This seems to be more of a set of assertions with no argument, information or facts to back it up. I know it's a trend among some people on this forum but think of it like this: 

If I write: 

Based on the enneagram literature [source], [source], [source] an 8 type appears to manifest with [trait], [trait], [trait] which are absent in many of the people typed as 8 on personality cafe. 

Then a discussion can be had. 

If I write: 

To me it seems like a lot of the 8s on this forum are mistyped, because they are punk-ass bitches. 

There is really no discussion to be had, unless you're an idealist like @Swordsman of Mana who actually tries to reason with you.


----------



## Sixty Nein (Feb 13, 2011)

Scelerat said:


> This seems to be more of a set of assertions with no argument, information or facts to back it up. I know it's a trend among some people on this forum but think of it like this:
> 
> If I write:
> 
> ...


I honestly do not feel like quoting a bunch of sources from people who's take on a bunch of random traits have been assembled into a ball of cohesion by a bunch of people who, for the most part I find to be rather lacking anyways. Though you do bring up a good point, I was just trying to gauge out what people had to say about CP 6 in the first place anyways so that I could form a counter argument. Yet that yields no results if I put out nothing in the first place.
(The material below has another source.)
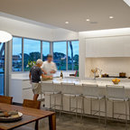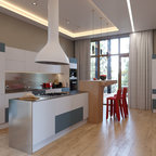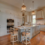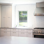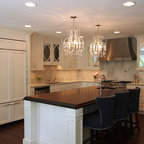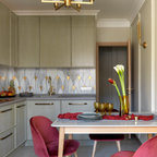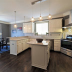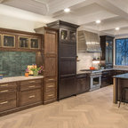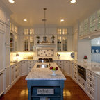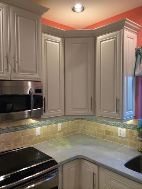 Mittelgroße Klassische Wohnküche in L-Form mit profilierten Schrankfronten, weißen Schränken, Granit-Arbeitsplatte, bunter Rückwand, Doppelwaschbecken, Rückwand aus Keramikfliesen, Küchengeräten aus Edelstahl, Travertin und Kücheninsel in Miami — Houzz

Anyways the reason as to why I believe the distinction between CP 6 and 6 is one that only has a rather intangible basis with each other is that they share the same trait of not really trusting anything. As @JSRS01 pointed out with his own theory on type 11, which is basically CP 6 with more of a fixation on finding others incompetent at a spiritual level (I can't trust anybody so I'll go do it myself! vs. existential doubt. Type 11 takes things at face value, 6 never really does). That and the fact the key-subtle differences between CP 6 and say the SX 6 character from Naranjo's description was the fact that the CP 6 is generally unaware of their "insecurity" to the point where it is difficult to actually say that they view themselves as being "insecure" in the first place. Contrast this with the SX 6 as Naranjo described, who is generally more aware of their own inner insecurity and even finds it somewhat baffling that people find them to be strong in the first place.
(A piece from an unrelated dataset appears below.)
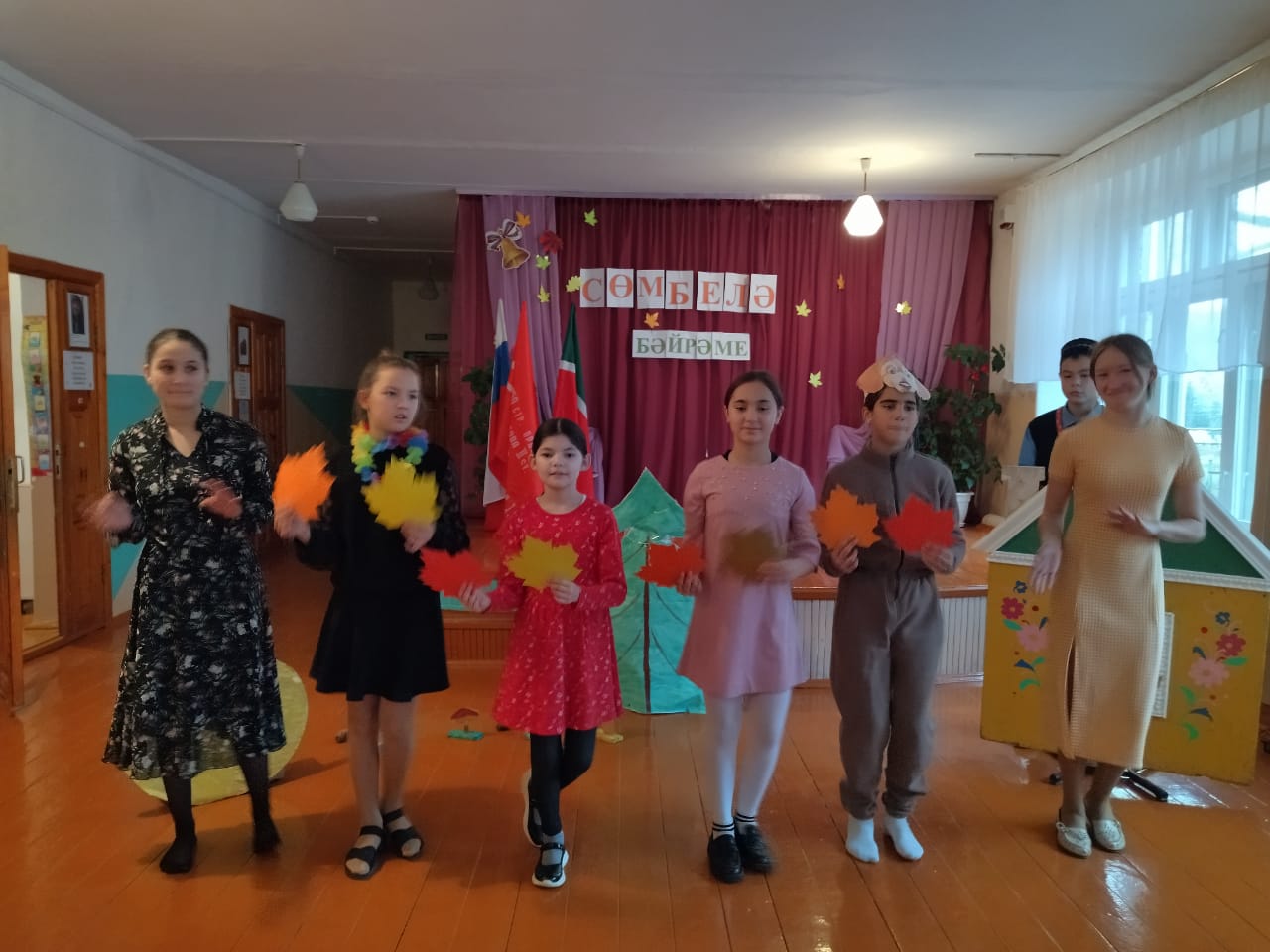 Опубликовано: 20.10.202313 октября, в школе прошёл календарно-обрядовый праздник, посвященный уборке урожая СӨМБЕЛӘ. Учащиеся школы инсценировали сказку, на татарском языке, «Репка», пели песни, участвовали в конкурсах.

The internet consensus of what the CP 6 is, at fault of what type 6 really is. The lack of faith in the strength of the universe and the belief that there is no law, and that security is something that exists. Yet this delusion does not seem to be found particularly strongly in the CP 6 character, who for the most part takes things into their own hands and does seem to be all that aware of their own weaknesses or even the weaknesses of other people. This is not to say that people who relate to CP 6 cannot be an actual 6 though. It just seems like the CP 6 that have grown popular over the years have mutated into this sort of hyper-aggressive person who never doubts themselves in the first place. Even in Beatrice Chestnut's description, there is this element of trying to assess the true power that underlines supposed strength and weaknesses in the first place.

What I'm saying here is that the themes behind the internet consensus's thought of what the CP 6 is does not align with the themes of the actual type 6. There is truth in the fact that the 6 "staggers" more than the 8. That the CP 6 of internet lore lacks what Free Beer pointed out as existential anxiety.

I consider the true nature of all sixes to be counter-phobic in a way, and that the CP 6 is generally a more healthy person than the more cowardly 6.

If we are going to do the sub-type and "countertype" thing. I'd say that SO six is actually the true counter-type. Though I can't really come up for a reason now as to why.


----------



## Kintsugi (May 17, 2011)

Necrophilous said:


> I consider the true nature of all sixes to be counter-phobic in a way, and that the CP 6 is generally a more healthy person than the more cowardly 6.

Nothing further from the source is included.